Despite the absence of any federal legislation to address the Treasury’s concern on EWA and constructive receipt, some tax professionals believe the proposal should be adhered to as if it was the required process. In a 2023 Payroll Update article , Tim Daum, a managing director at Crowe LLP’s National Tax Services, said that the proposal “should put employers on notice that that’s the way the IRS views things.”
Other federal and state EWA proposals
On the consumer front, the House Financial Committee advanced a bill that would create a transparent regulatory framework for EWA products that ensures consumers are not assessed mandatory or hidden fees while also mandating numerous disclosures. The “Earned Wage Access Consumer Protection Act (H.R. 7428) would also set requirements for EWA providers to establish dispute resolution procedures and certain notification requirements.

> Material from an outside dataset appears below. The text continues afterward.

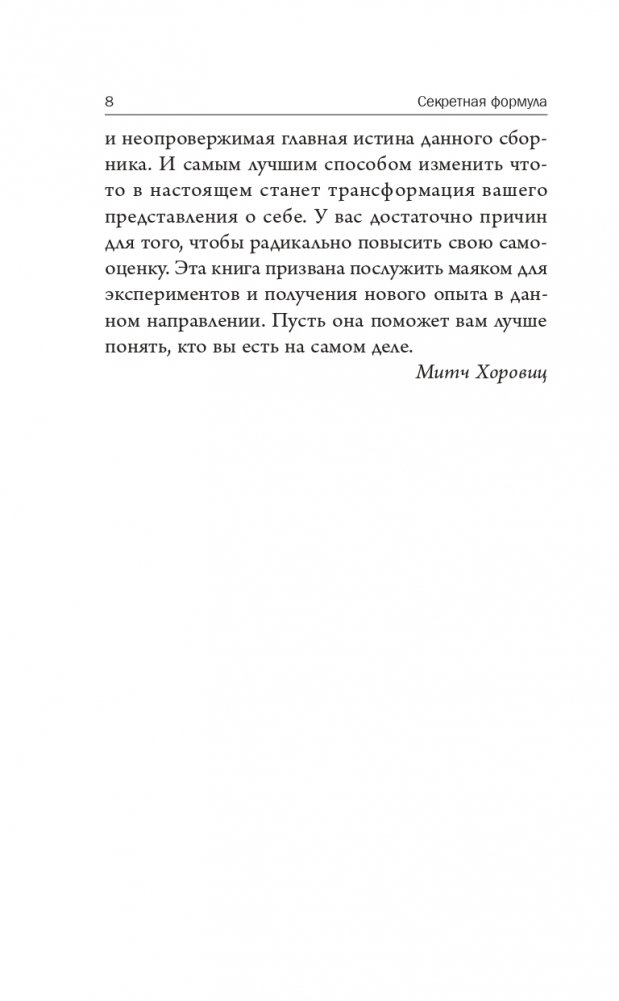 С этих избранных лекций Джозефа Мэрфи начинается серия книг под редакцией его известного последователя Митча Хоровица. В сборник включены краткая биография и хронология жизни незабвенного учителя. Как подчеркивает в предисловии составитель сборника, «ваш подсознательный разум в значительной степени формирует вашу судьбу — вот почему вы можете изменить ее сами». Для этого нужно лишь воспользоваться надежными и проверенными методами, которые описываются в «Секретной формуле» доктора Мэрфи.

Without any current federal oversight on EWA, several states are either considering or have already taken action on the topic. “Other states may be waiting to see what, if anything, happens at a federal level or may be looking to see what California publishes before proposing additional bills in the respective states’ House or Senate,” Heebner noted.
California’s Department of Financial Protection and Innovation (DFPI) proposed new regulations last year that would update the definition of loan to include “income-based advances” or EWA. The DFPI modified the proposed regulations in November 2023 and the Consumer Financial Protection Bureau (CFPB) submitted a comment letter later than month agreeing with the idea of classifying EWA as loans and requiring on-demand pay providers to register with the state.
Although other states are considering similar measures, Heebner believes “California’s decision will likely shape how other states approach the issue.” She also anticipates increased activity in legislative and regulatory areas. “Regulation is imperative in the fintech industry as a whole in order to protect consumers, however, it must be done in a way that leaves room for innovation,” Heebner added.
She advises employers and providers to stay updated on state legislation regarding EWA as it may vary from state to state, similar to minimum wage laws. So far, passed EWA legislation has only imposed requirements on providers, not employers. “However, employers should still be knowledgeable of what can and cannot be provided within the state,” Heebner concluded.